Search This Blog

Saturday, 22 August 2015

On The Significance of Race

When I was growing up my family were not racist. My friends were not racist. We were all perfectly innocent of such disgrace. Racism was an American thing whereby black people weren't allowed to do certain things white people could till after the 1960s but that was all sorted now so the West wasn't racist at all any more except for really horrible people, of which there surely couldn't be many.

At least, that's what I thought. And if you're a white, working-class person of less than a certain age (and I don't want to start being ageist as well so I'm not being more specific than that), I'll bet you wouldn't admit it readily out loud but you thought that too, at least until you were in high school. Racism was when someone was beaten up because of their ethnic origin, or using the N-word to a black person or the P-word to an Asian person. You sang 'hold my hand if you're yellow, black or white' at the end of a primary school play. And be honest, you thought that song was a great weapon against racism. 

It was a slow, very gradual progression towards the dawn as I realised that I'd been living in an odd little microcosm of whiteness and weird attitudes, and as this writer explains (albeit from a far more extreme original stance), it's often somewhat of a perhaps self-created minefield once you try to do things right.

The real wake-up call for me has been in falling in love and getting married. My husband is not only black, but he wasn't born in the UK, though he has been here since he was a child. Suddenly I had someone 'different' as a huge part of my life, which had previously been largely made up of people who looked pretty much the same as I did.  Race was brought home to me in a way that I don't think it could have been under other circumstances.

At first it was witnessing other people's reactions to my partner-then-spouse. Mostly people were well-meant; occasionally they were asking for a smack. The worst thing for me, however, was knowing that there was once a point in my own history when the well-meant remarks wouldn't have even registered as deeply offensive.
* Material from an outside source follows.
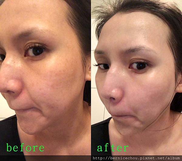 可以明顯看到我右側臉紅腫改善了許多,整體也感覺雪白了一番![]()
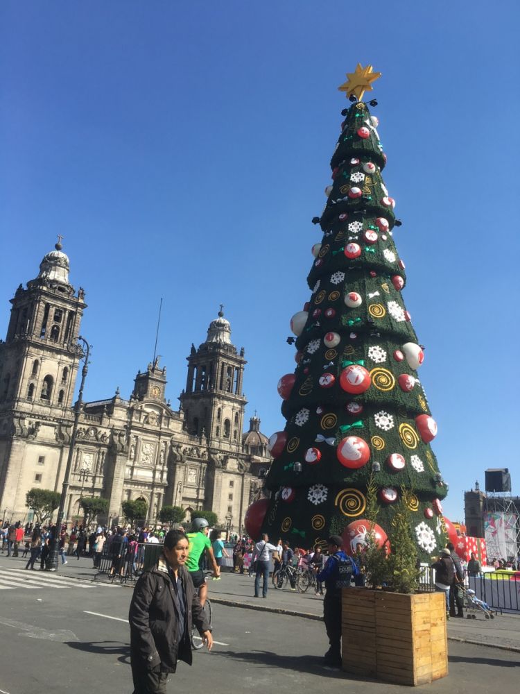 走出艺术宫我们拐进小巷子继续向前,街上挤满了行人,熙熙攘攘,接踵比肩,大家都朝着一个方向,前面那棵巨大的圣诞树。来到街口,眼前的视野开阔起来,一个宽阔的广场中矗立着一棵巨大的圣诞树,旁边是那面据说是三层楼高的国旗,到处挤满了游人,四周的建筑都扮上节日的盛装。这就是宪法广场又称索卡偌(Zocalo),是墨西哥政治[

As I said, speaking as a person from the main perpetrating race, I think some racism is actually accidental and down to ignorance more than hatred, though we all know that is also out there. But (God-willing), one day I could be the mother of mixed-race child. Publicly, on TV and in the press we may be very PC and inclusive but on the ground level we are only making snail-paced progress. That we have come a long way since the 1919 riots against mixed marriages is not a sign that we can let up on our self-re-education. If it's wrong to use certain phrases in the press, it should be wrong in the pub because if it isn't wrong in the pub, it won't be wrong among the little ones in the schoolyard.